Limonlu Pastanın Sıradışı Hüznü'nde; sıradışı bir aileyle tanışacaksınız. Dededen torunlara geçen yetenek, hem olağanüstü hem de tam bir trajedi.
Dokuz yaşlarından başlayarak Rosa'nın ağzından dinliyoruz hikayeyi. Bir sabah annesinin yaptığı limonlu pastanın ilk lokmasını çiğnerken fark ediyor yeteneğini ve ardından hiçbir şey eskisi gibi olmuyor. Rosa, tattığı yiyecekleri üretenlerin ruh hallerini keşfediyor ve elbette bu onun hayatını da allak bullak ediyor.
Anlattıklarım size ilk bakışta yerli yerine oturmamış bir kurgu gibi gelebilir.

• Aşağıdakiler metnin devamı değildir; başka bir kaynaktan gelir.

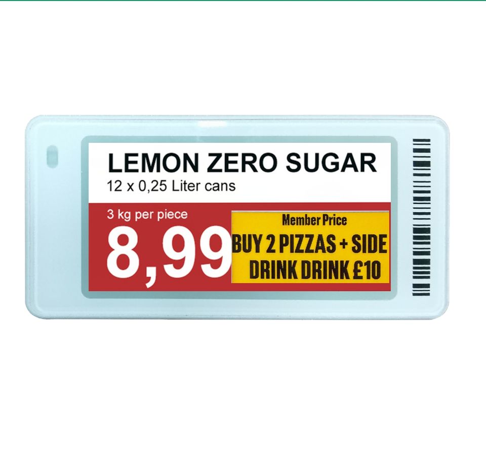 ป้ายราคาดิจิทัลพร้อมโลโก้ขนาด2.13นิ้ว ESL ป้ายหิ้งอิเล็กทรอนิกส์รองรับโรงงานกำหนดเอง4สีอีหมึก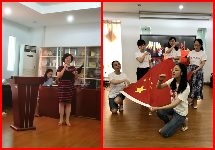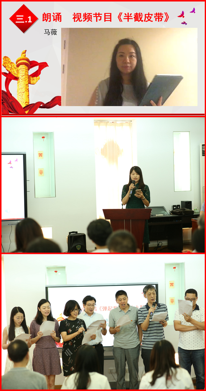 国际汉语教师研修基地党支部马薇朗诵的《半截皮带》(视频节目),带大家重温了一个红军长征历程中的感人故事。汉语文化教学中心教工党支部文娟朗诵诗歌《无论如何》,表达了一个合格的共产党员在和平年代应有的坚定不移的信念和忠诚无私的品格。汉语国际教育系党支部合唱《弹起我心爱的土琵琶》、院部管理教工党支部以及退休党支部共同表演歌舞《绣红旗》,重现了党的发展历程中革命先烈前赴后继的奉献以及伟大的革命乐观主义精神。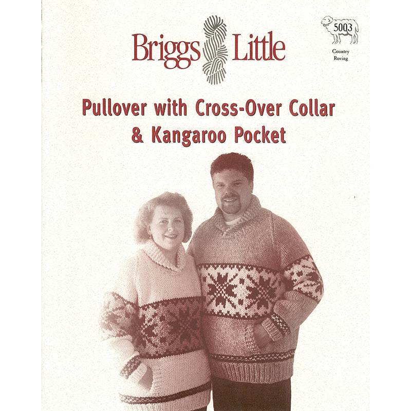 Briggs & Little Country Roving yarn is used to knit this Cowichan kangaroo sweater.. aka White Buffalo or Salish. Features cross-over garter stitch cowl collar with raglan sleeves and kangaroo pockets with a traditional snowflake design.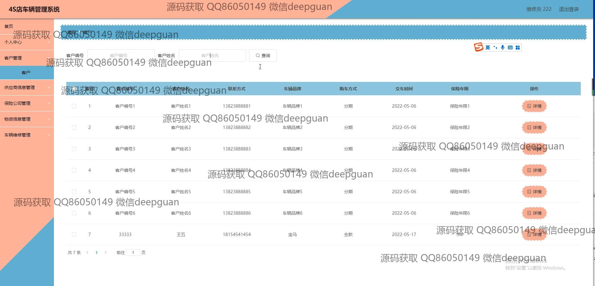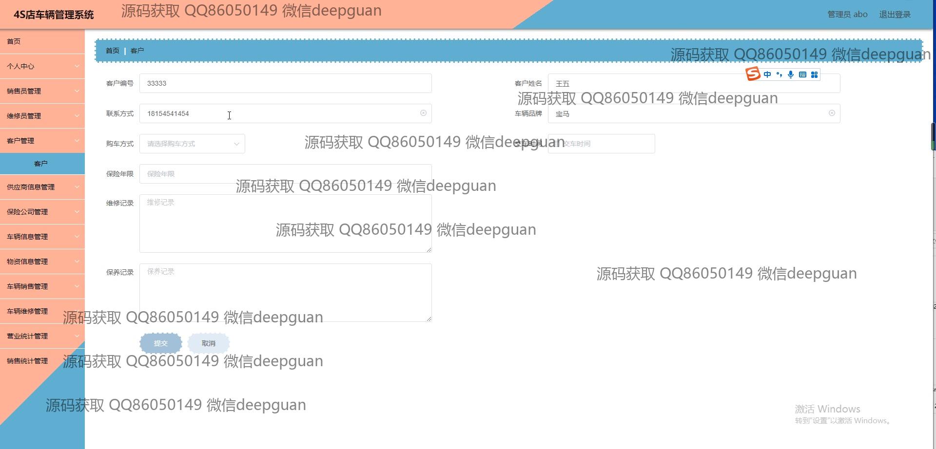 客户:客户信息模块允许管理员输入及维护客户的个人信息、联系信息及相关的车辆和保险信息。该模块提供客户信息的快速查询与检索功能,并记录与其相关的车辆购买和维修历史。客户可以通过联系管理选项与系统互动,确保为其提供支持和后续服务的快捷性和有效性。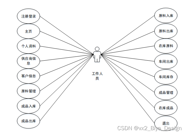 (2)工作人员:主页、个人资料、供应商信息、客户信息、原料管理、原料出库、原料入库、在库原料、车间出库、车间库存、成品管理、成品出库、成品入库、在库成品等功能。工作人员用例图如图3-2所示。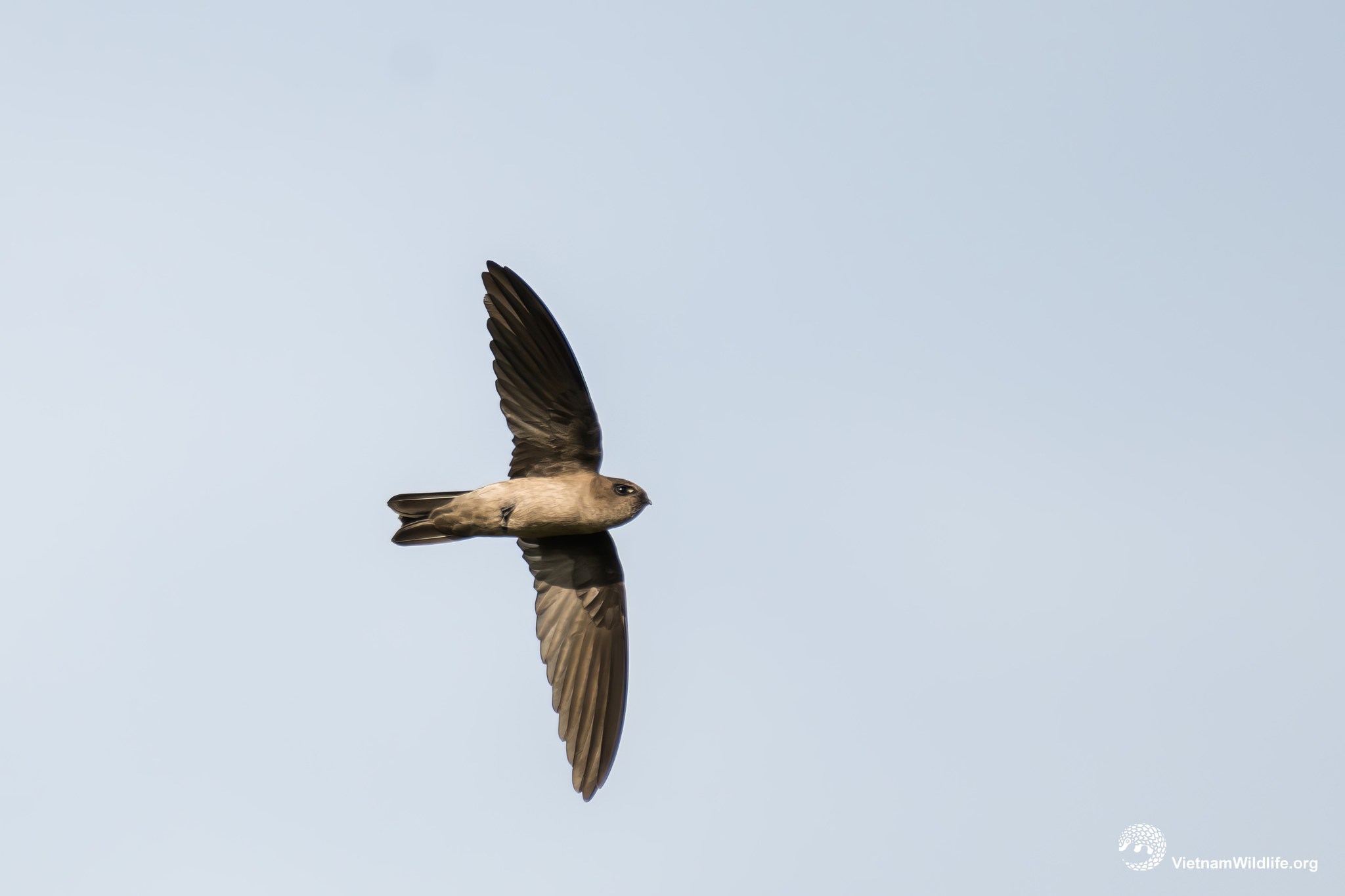 House swift is a small species in the swift group (about 15 cm). It has an averall blackish plumage with whitish throat and broad clear white rump-band. Male and female are similar.
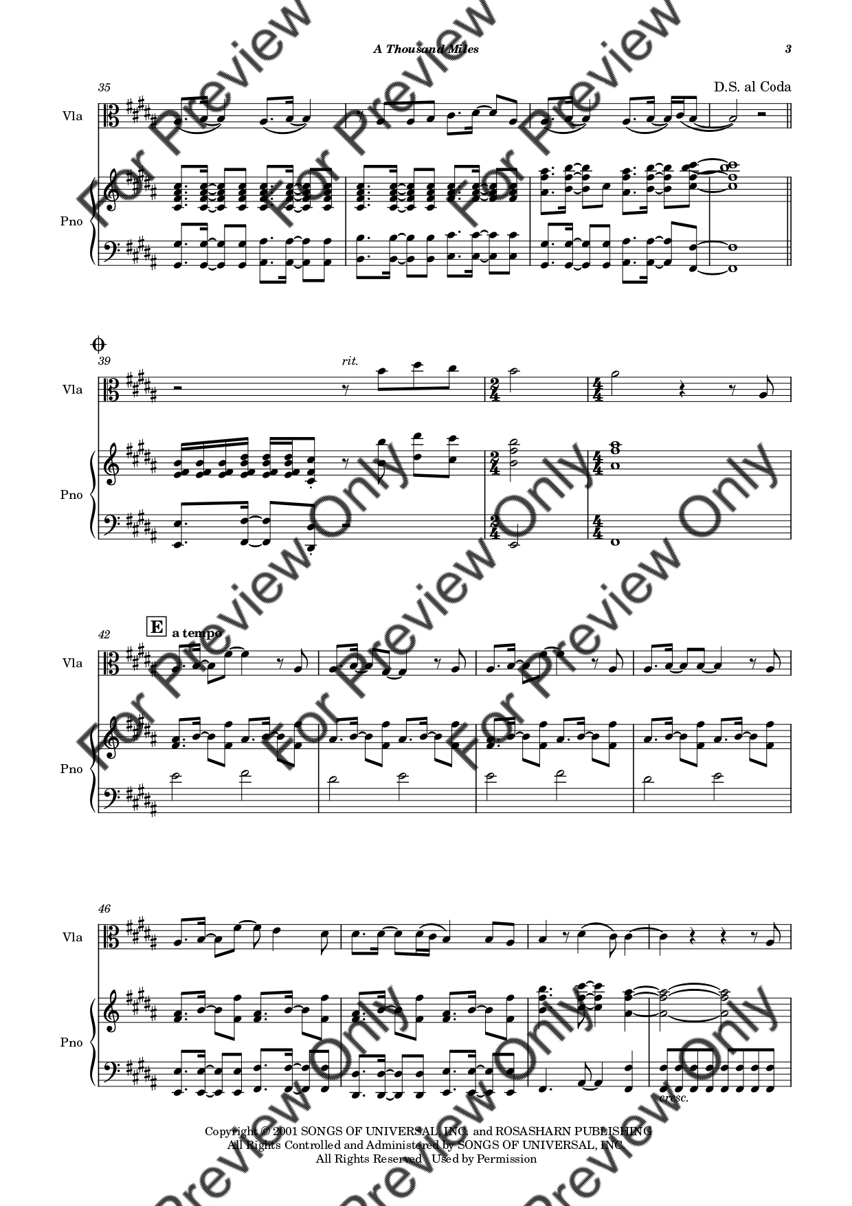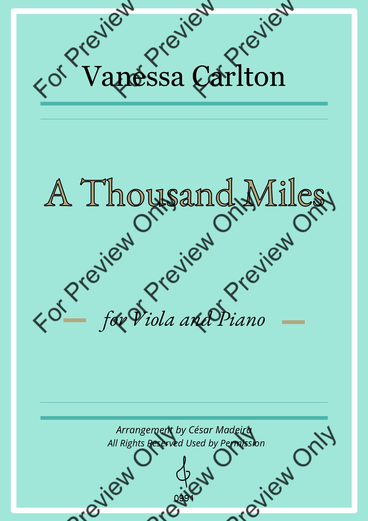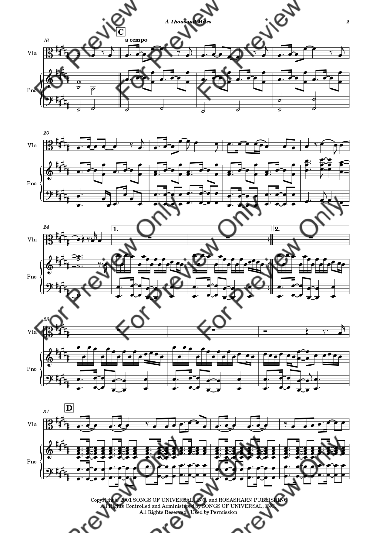 A Thousand Miles by Vanessa Carlton. Arrangement for Viola and Piano. With Full Score and Individual Parts. Have fun!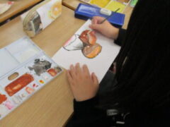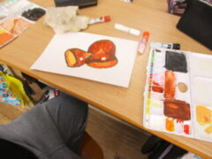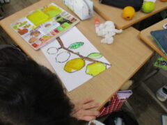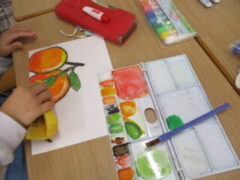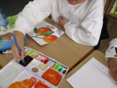 3年生はミカンや柿、栗、さつまいもの絵を描いた絵手紙を作成しています。

Ama yazar olayları öylesine yavaş akıtıyor ki, inandırıcılık tam yerine oturuyor.
Aksiyon bekleyenler, hızlı akan olay sevenler için kitap hayal kırıklığı oluşturabilir ama bir kalbin nasıl attığını hissetmek isteyenler için biçilmiş kaftan.
Olayları değil ardındaki insanı düşünmeyi ve anlamayı isteyenler için kitap okunası.